Where Gap Should Look For Its Next Designer: In House?
News broke this morning that the Gap and longtime creative director Patrick Robinson (left) are parting ways. Robinson, an alum of Paco Rabanne, Perry Ellis, and Anne Klein, was brought in in 2007 to revamp the retailer’s offerings and revive interest in the brand. Sales numbers suggest that mission didn’t quite succeed—even if, as Gap’s presentations showed, there were some hits. And so the label begins to search for a successor, making it the latest in long line of high-profile companies with a vacancy at the top.
But there’s one section of the company whose designs have been consistently strong: GapKids. As the mothers on our staff can attest, the children’s stores have an energy that’s been missing from the adult’s—and, some say, a keener eye on trends, even readily translatable adult trends, than you can find at Gap. The Stella McCartney GapKids collection famously found more than a few fans among moms and adults in the largest sizes; and while few are likely to fit into GapKids’ own colored jeans and tutu skirts, we know some who make runs for Saint James-style striped tees and denim jackets. “The kids department is fun,” said one insider we spoke to. “When you walk into Gap, it’s beige, white, black, taupe.”

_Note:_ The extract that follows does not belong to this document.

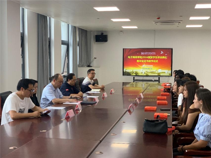日期:2024-06-24 来源:6月21日上午,电子商务学院在学院1212会议室举行2024届留学生毕业典礼暨毕业证书授予仪式,电子商务学院院长夏名首,电子商务教研室主任何兴旺,外事办黄亚琴,教师代表,全体毕业留学生和部分在校留学生现场参加了仪式,仪式由留学生班辅导员王洋洋主持 雷火竞技。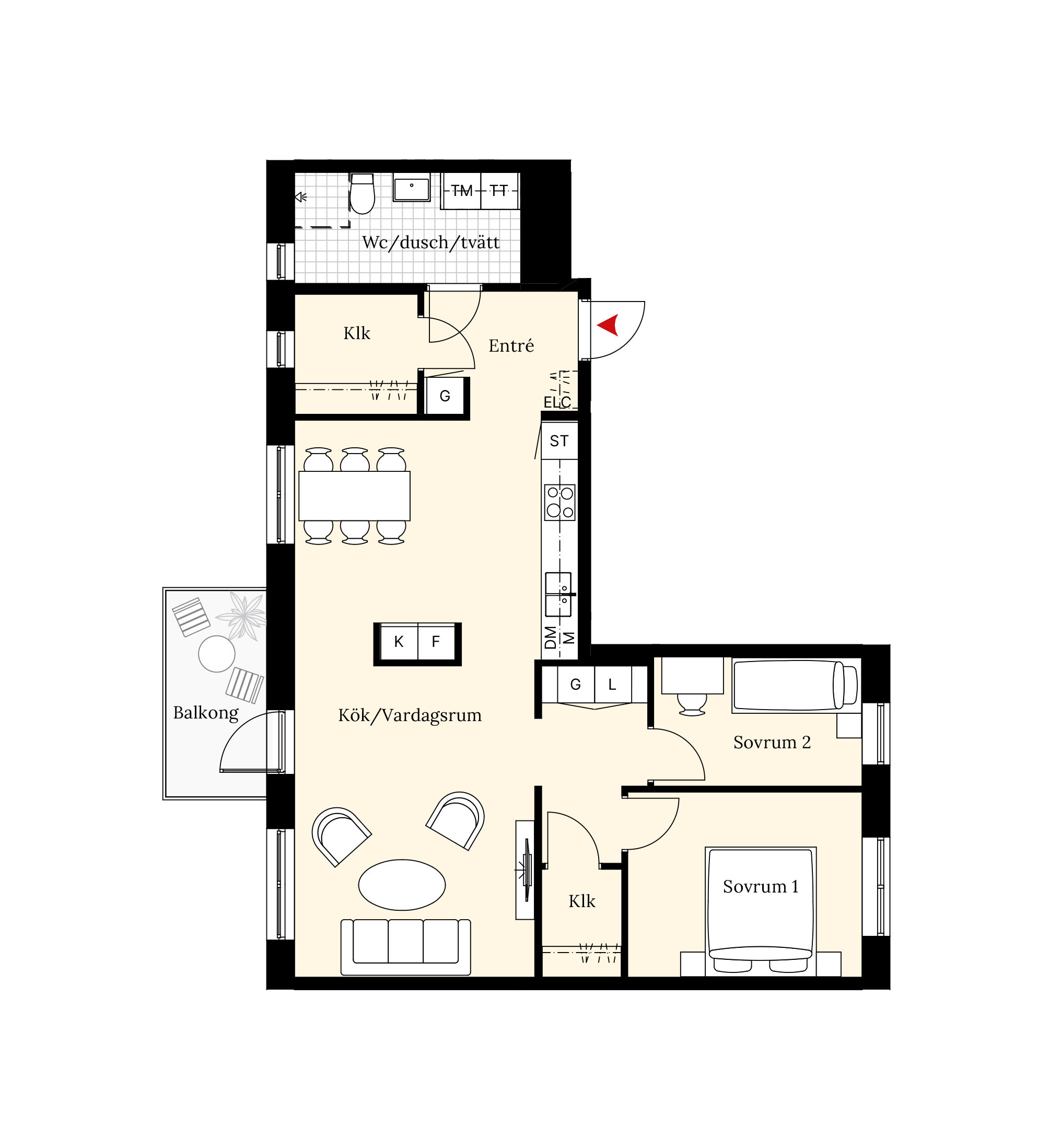Vardagsrumsdelen är luftig och har flera möbleringsmöjligheter. Härifrån har du också utgång till den rymliga balkongen, som med sitt västerläge blir en härlig förlängning av ditt hem. Här finns plats för både kryddodling och sittmöbler.

Bringing some of the vitality of GapKids to the adult sector might, we think, be just what the retailer needs. And it seems to be taking a step in that direction. Women’s Wear Daily reports that Pam Wallack, head of the Gap Global Creative Center, has tapped Jennifer Giangualano, its SVP of kids and baby design, “to provide leadership and direction on adult design,” while the label hunts for Robinson’s replacement. Should they call off the search?